ID: 39fpXIsBGHjk6-WLlqOE
Publication date: 2008-05-15
Title: JavaScript: The Good Parts
Summary: A deep dive into the parts of JavaScript that are essential to writing maintainable code
Publisher: oreilly
Reviews: 51
Authors: ['douglas crockford']
Score: 17.064087


Notice that even though we searched for the term "java script", we got results containing the terms "JS" and "JavaScript". Our synonyms are working!

Now let's try searching for books about AI.

In [None]:
response = client.search(
    index="book_index",
    query={
        "multi_match": {
            "query": "AI",
            "fields": [
                "title^10",
                "summary",
            ]
        }
    }
)

pretty_search_response(response)

Your search returned no results.


We didn't get any results!
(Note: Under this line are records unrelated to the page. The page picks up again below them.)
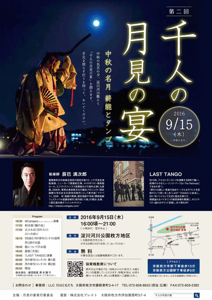 千人の月見の宴は、淀川河川公園 枚方地区にて中秋の名月の日に行われ、今年で2回目を迎えます。お月見をしながら「薪能とタンゴ」を楽しむという粋なイベントで入場は無料!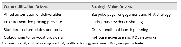 - Standardisation of outputs: Global value dossiers, health technology assessment (HTA) templates, and pricing matrices are increasingly viewed as interchangeable.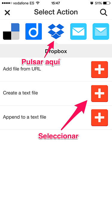 Al seleccionar esta aplicación, tendremos que seleccionar la opción «Create a text file». Que es la opción para crear un documento de texto de nuestros contactos en dropbox.

There are some books that use the terms "artificial intelligence", but not "AI". Let's try using the Synonyms API to add a new synonym rule for "AI" so the previous query returns results.

In [None]:
client.synonyms.put_synonym_rule(set_id="my-synonyms-set", rule_id="synonym-2", synonyms="ai, artificial intelligence")

If we run the query again, we should now get some results.

In [None]:
response = client.search(
    index="book_index",
    query={
        "multi_match": {
            "query": "AI",
            "fields": [
                "title^10",
                "summary",
            ]
        }
    }
)

pretty_search_response(response)


ID: 2dfpXIsBGHjk6-WLlqOE
Publication date: 2020-04-06
Title: Artificial Intelligence: A Modern Approach
Summary: Comprehensive introduction to the theory and practice of artificial intelligence
Publisher: pearson
Reviews: 39
Authors: ['stuart russell', 'peter norvig']
Score: 42.500813


## Conclusion

The Synonyms API allows you to dynamically create & modify the synonyms used in your search index in real time. After reading this notebook, you should have all you need to start integrating the Synonyms API into your search experience!